- **Exercise**: Reproduce the listing in its entirety. Do not reproduce the pictures.

- **Source data**:
- - -

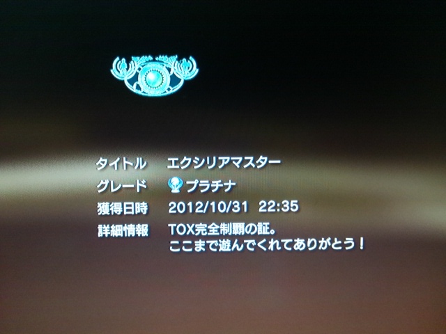 TOX2発売前日にしてやっと、TOXのトロフィーをコンプしたよvvv
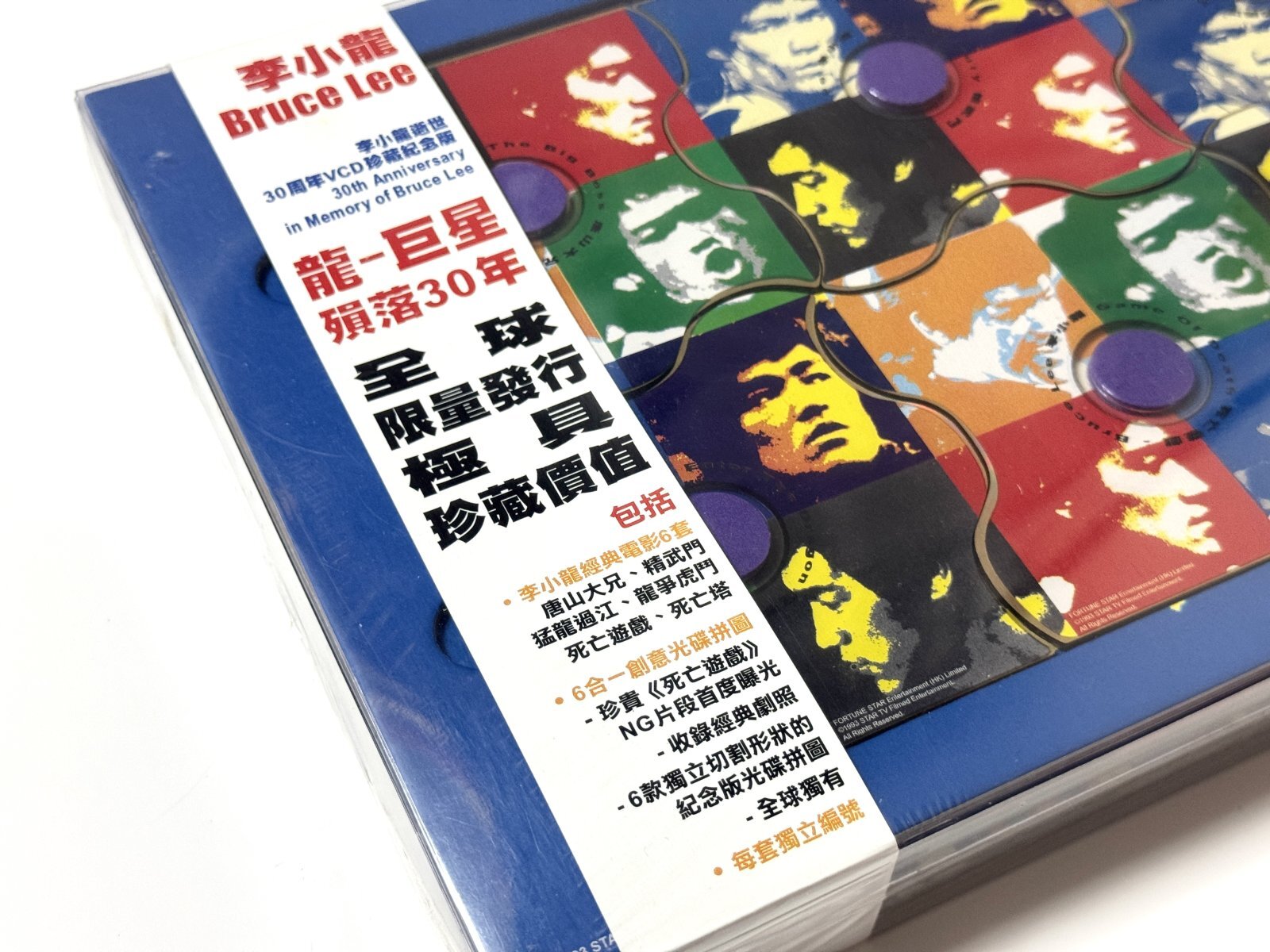 ■21年前、2003年7月に発売された香港のVCD18枚セット。カラフルで凝ったパッケージは当時、開封をためらった人も多かった・・・そして当時、皆がびっくりした「死亡遊戯」初公開映像がオマケで付いていたのだ!奇跡的に一点だけ残っていた未開封品。
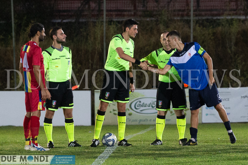 SSD SPOLETO CALCIO: 1 Cosimetti, 2-Balducci, 3 Rosati, 4 Ceccarelli (21′ 14 Dahman) , 5 Kiwobo, 6 Ferreira, 7 Alfano (23’st 13 Bianchi), 8 Rondinelli (24’st 18 Speranza), 9 Luparini, 10 Veneroso, 11 Colangelo

- - -

- **Output**:
 TOX2発売前日にしてやっと、TOXのトロフィーをコンプしたよvvv
 ■21年前、2003年7月に発売された香港のVCD18枚セット。カラフルで凝ったパッケージは当時、開封をためらった人も多かった・・・そして当時、皆がびっくりした「死亡遊戯」初公開映像がオマケで付いていたのだ!奇跡的に一点だけ残っていた未開封品。
 SSD SPOLETO CALCIO: 1 Cosimetti, 2-Balducci, 3 Rosati, 4 Ceccarelli (21′ 14 Dahman) , 5 Kiwobo, 6 Ferreira, 7 Alfano (23’st 13 Bianchi), 8 Rondinelli (24’st 18 Speranza), 9 Luparini, 10 Veneroso, 11 Colangelo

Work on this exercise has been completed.